PROBLEM TO SOLVE
Count up the lines of the data below that contain the string "Money", then give only the total.

SOURCE MATERIAL

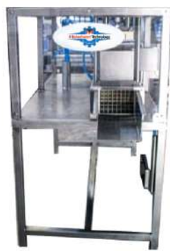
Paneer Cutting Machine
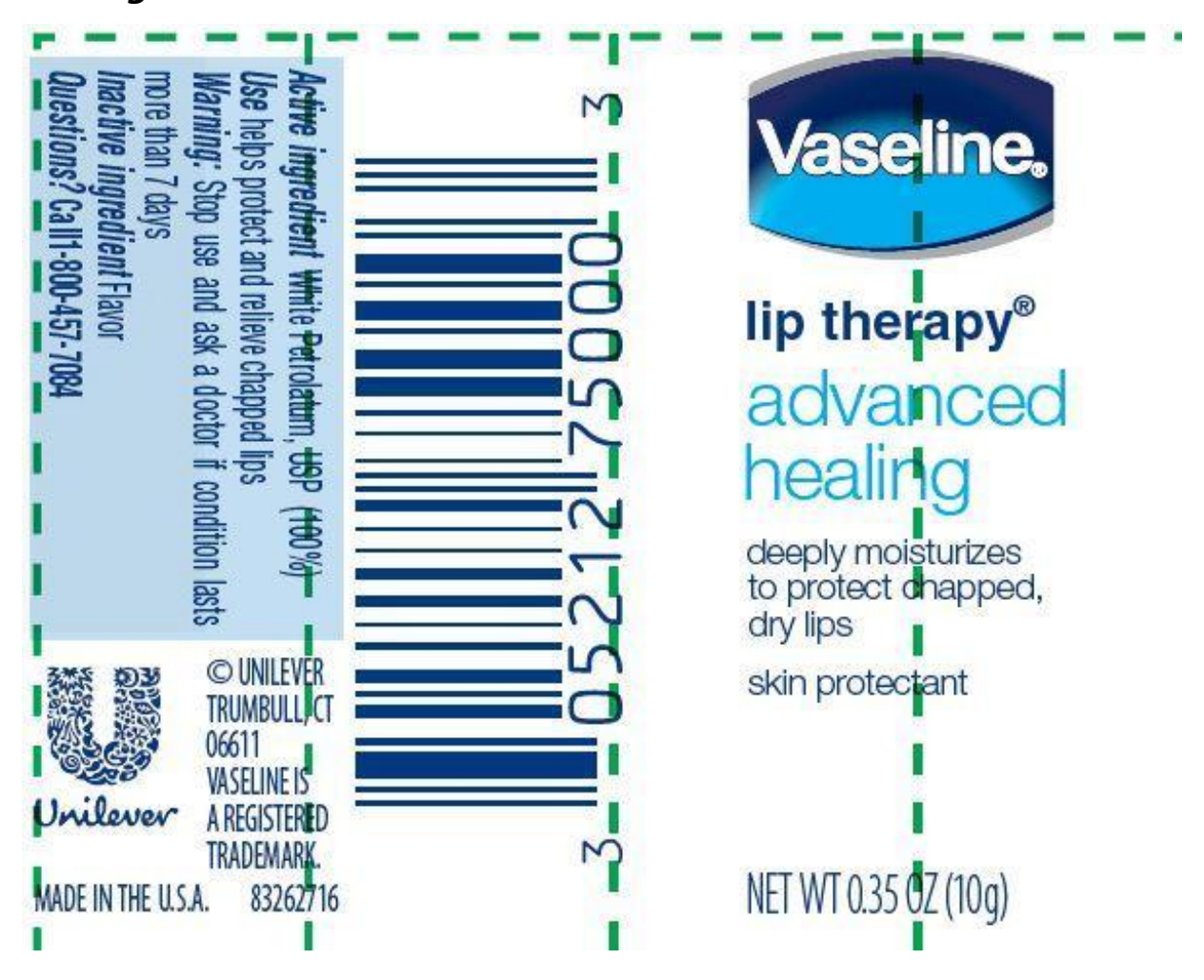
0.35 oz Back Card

...

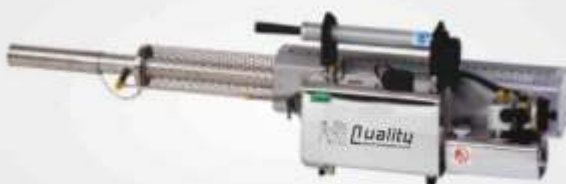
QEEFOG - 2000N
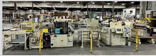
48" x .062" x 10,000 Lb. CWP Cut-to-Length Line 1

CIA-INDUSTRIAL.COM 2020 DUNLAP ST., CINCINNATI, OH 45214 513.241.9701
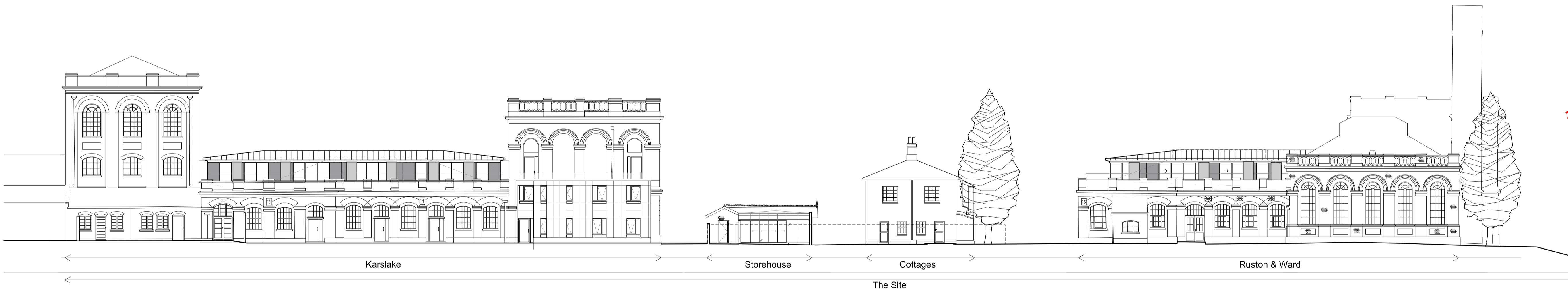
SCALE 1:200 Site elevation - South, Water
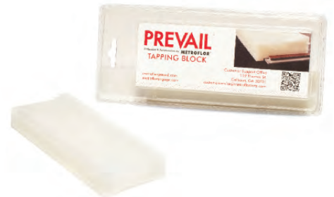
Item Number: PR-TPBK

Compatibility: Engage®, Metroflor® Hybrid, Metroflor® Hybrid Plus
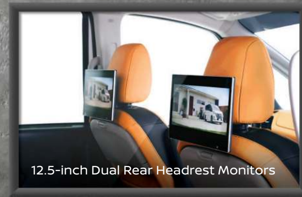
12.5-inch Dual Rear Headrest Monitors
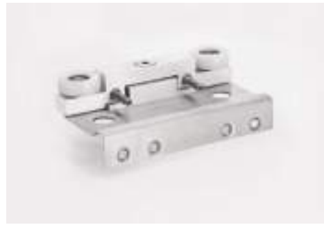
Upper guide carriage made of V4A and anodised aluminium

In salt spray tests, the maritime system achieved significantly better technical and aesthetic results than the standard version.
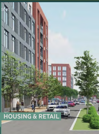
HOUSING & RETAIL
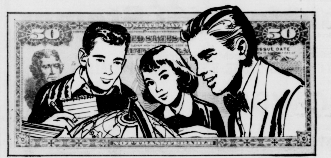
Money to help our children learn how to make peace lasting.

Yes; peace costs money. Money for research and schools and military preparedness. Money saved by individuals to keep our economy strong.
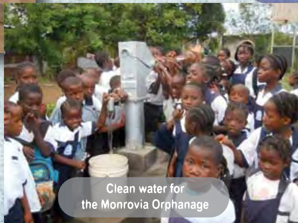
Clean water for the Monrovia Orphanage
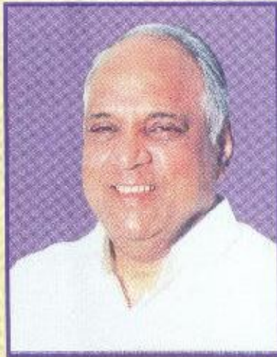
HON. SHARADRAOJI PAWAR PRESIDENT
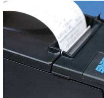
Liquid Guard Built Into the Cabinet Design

RESPONSE BELOW
2